Q: An employee has requested a leave of absence to follow his spouse to another state for a four month military training deployment and is asking if this would be job-protected leave under FMLA. Is it?

A: Granting a personal leave of absence certainly seems like the right thing to do, but this would not be job-protected leave under FMLA or USERRA.

Under FMLA, for example, the requested leave is not necessary due to the employee’s or spouse’s serious health condition.

Nor would it fall under military caregiver FMLA leave—up to 26 weeks—where an employee needs time off to care for a covered servicemember who incurs an incapacitating serious injury or illness on active duty, or where a preexisting condition is aggravated by service in the line of duty on active duty.

In addition, the requested leave would not be qualifying military FMLA exigency leave, available to the spouse of a servicemember for up to 12 weeks to address matters such as child care arrangements for a child of the deployed military member, attend certain military ceremonies and briefings, or make financial or legal arrangements to address the military member’s absence, where the servicemember/spouse is called to active duty in a foreign country.

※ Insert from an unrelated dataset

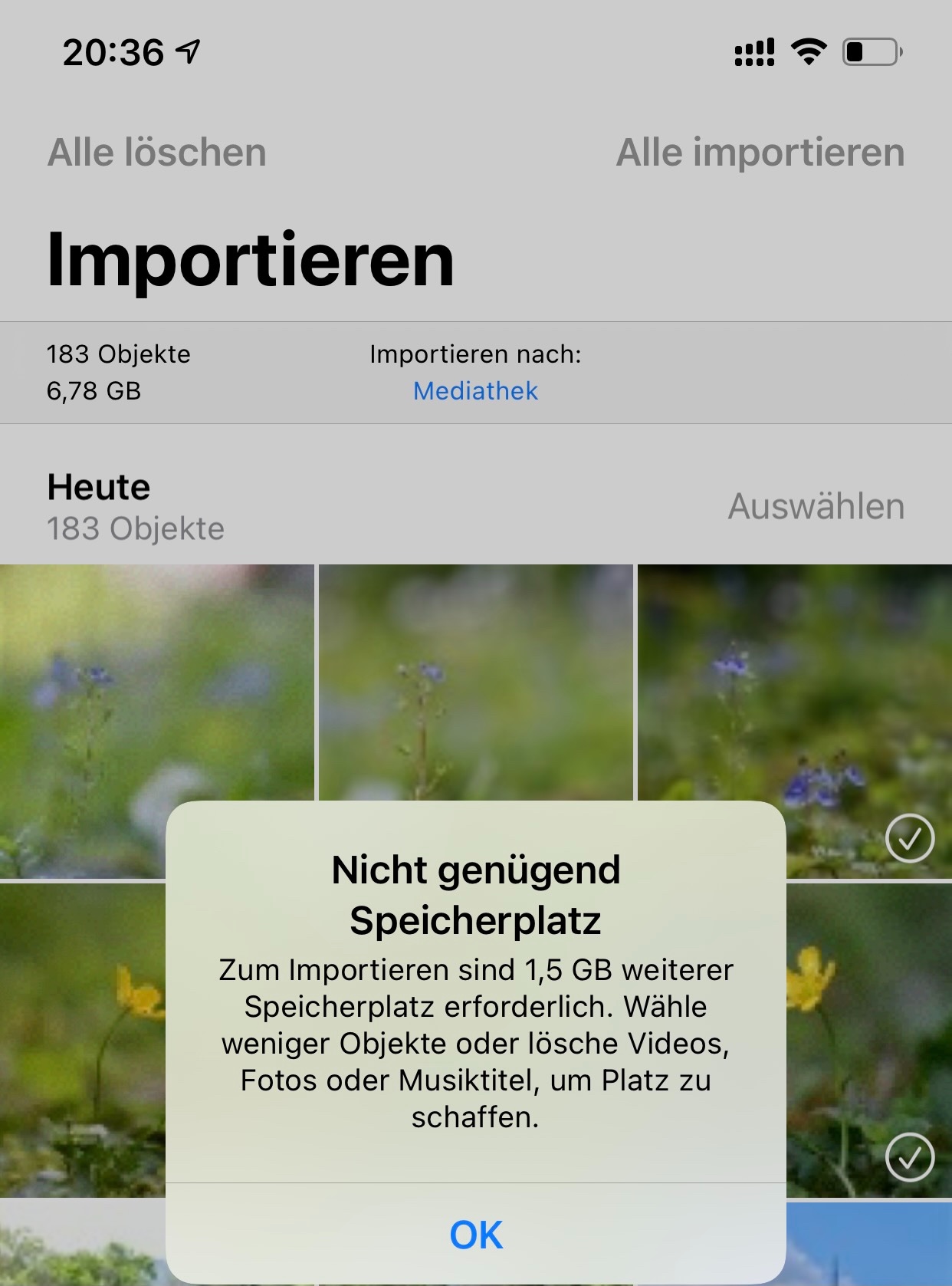 Bilder, die ich mit meiner Nikon-Kamera schieße, übertrage ich mittels des Lightning to SD Card Camera Readers von Apple auf das iPhone. Dabei kommt es immer wieder vor, dass der Import nicht funktioniert, angeblich weil nicht genügend Speicherplatz zur Verfügung stehen würde.

There has been discussion in military management circles (but no solutions recommended thus far) about the difficulties faced by many trailing spouses of military members in seeking to sustain their own career paths—particularly where specific occupational licensing is required—when relocating to a temporary residence to be with their servicemember spouse.

One bright spot is that the trailing military spouse may be eligible for unemployment benefits upon presentation of documentation verifying the spouse’s mandatory military transfer to a distant location from which it is impractical to commute/retain employment.

And under Connecticut law, the employer’s account would not be charged with respect to any voluntary leaving such as this.